URBANA, IL. — Agricultural producers face a double challenge: to increase production for a growing world population while reducing the negative effects on the environment. Digital technologies and artificial intelligence can facilitate sustainable production, but farmers must weigh the opportunities and risks when deciding whether or not to adopt such tools.
In a new paper on agricultural economics, scientists from the University of Illinois offer a research methodology to measure the willingness of producers to adopt new technologies related to digital agriculture.
The paper outlines some of the sustainability challenges for U.S. agriculture and why it’s difficult to meet those challenges with conventional technologies, says Madhu Khanna, Distinguished Professor of Agricultural and Consumer Economics (ACE) and Director of the Institute for sustainability, energy and the environment (iSEE) at the U of I.
“Digital and artificial intelligence technologies can play a role in our move towards a more sustainable future, but there are barriers to their use,” says Khanna. “Farmers are generally cautious about adopting new technologies until the benefits have been well demonstrated and the uncertainties have been reduced, and they see their neighbors and other peers adopting.”
The authors of the document include agricultural economists, engineers, computer scientists and environmental specialists. All are part of the Center for Digital Agriculture (CDA) and the AIFARMS Institute at the USDA National Institute of Food and Agriculture/National Science Foundation at the U of I. These projects are intended to promote the application of the artificial intelligence towards a sustainable future. agriculture.
Digital technologies can compile large amounts of information and offer site-specific management guidelines, helping to increase production efficiency and reduce environmental damage. For example, precision irrigation systems can monitor crop and soil conditions to provide site-specific irrigation. Artificial intelligence can provide information on crop health and soil fertility to help adjust input application rates and reduce nitrogen runoff.
Digital technologies can also help address agricultural labor shortages. Small robots that move under the canopy can enable site-specific fertilization, seeding, diagnostics and mechanical weeding to reduce pesticide use. Canopy robots can also sow cover crops between rows, helping to improve soil health.
While these innovative tools can provide benefits such as lower costs and better yield, they also require upfront investment and farmers need to learn new skills and knowledge to use them. Many digital technologies are still in the early stages of development and immediate results may not be obvious.

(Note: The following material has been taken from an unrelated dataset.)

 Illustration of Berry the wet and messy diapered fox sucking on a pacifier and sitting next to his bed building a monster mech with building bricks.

There are limited programs available to reward farmers for the ecosystem services they provide and often these are not enough to cover the cost of adoption, the researchers say.

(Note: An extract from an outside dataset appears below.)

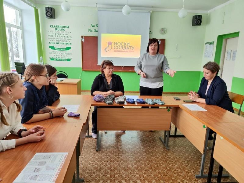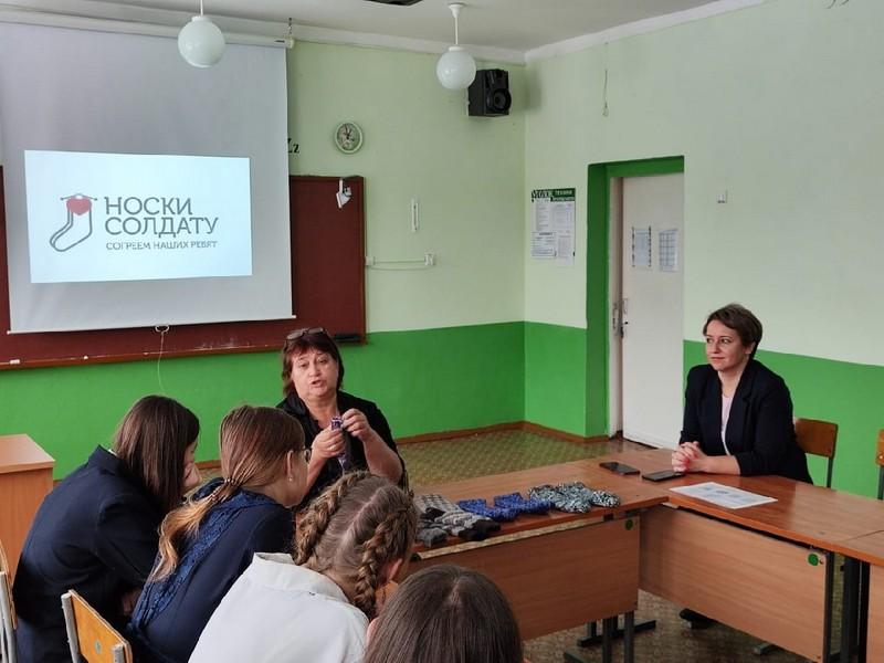 После уроков 17 ноября восьмиклассники Тырновской школы имени Лаврентия Загоскина пришли на мастер-класс к Людмиле Ястремской, которая учила вязать их теплые носки для солдат. Женщина работает в школе, а вяжет дома. Она уже передала для бойцов и мобилизованных теплые носки.

“Existing research suggests that in addition to economic factors, behavioral factors play an important role in technology adoption. Even though something may seem profitable, there are often hidden costs or barriers such as concerns about risk or how long it will take to get the return on investment. It’s important to consider all of these behavioral factors as we think about implementing these new technologies,” says Khanna.
While other studies focus on technology adoption that has already occurred, Khanna and his co-authors suggest a novel approach that allows researchers to predict willingness to adopt based on dynamic analysis. .

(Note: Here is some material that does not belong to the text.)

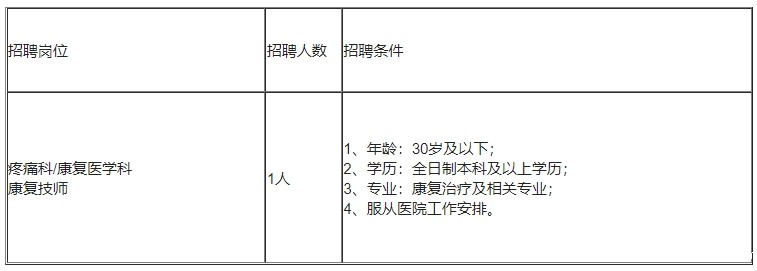 根据医院业务发展需求,现需招聘疼痛科/康复医学科康复技师1人,具体招聘条件如下:

“We recommend combining survey-based methods with spatial and temporal computer simulation methods where we can model the effect of adoption decisions on the ecosystem. ‘today and tomorrow’s environmental outcomes, which then affects subsequent decisions,’ says Shadi Atallah, associate professor at ACE and co-author of the paper.
“For example, the long-term management of herbicide resistance using robots for non-chemical weed control illustrates the dynamics of costs and benefits. The results are influenced by the decisions farmers make and also by the decisions their neighbors make,” adds Atallah.
For the survey, farmers are presented with choice cards that depict various scenarios which are what neighbors are doing, weed level, technology cost and other factors. Each participant receives a subset of cards featuring different suits. The survey data is then combined with agent-based modeling, which captures individual differences at the farmer level, rather than the population level. Computer simulations then model the dynamic effects of farmers’ decisions in these different scenarios over time.
“In a nutshell, we advocate moving from a static to a more spatially dynamic analysis of adoption and we conduct computational experiments on how policy will affect the adoption of technologies for more sustainable agriculture,” concludes Atallah.
Researchers are currently conducting a survey of the adoption of new cover crop technologies among a random sample of farmers.
The article “Digital Transformation for Sustainable Agriculture in the United States: Opportunities and Challenges” is published in Agricultural Economics. (https://doi.org/10.1111/agec.12733). The authors are Madhu Khanna, Shady Atallah, Saurajyoti Kar, Bijay Sharma, Linghui Wu, Chengzheng Yu, Girish Chowdhary, Chinmay Soman and Kaiyu Guan.
This work is supported by Agriculture and Food Research Initiative (AFRI) Grant No. 2020-67021-32799/project accession no.1024178 from the USDA National Institute of Food and Agriculture.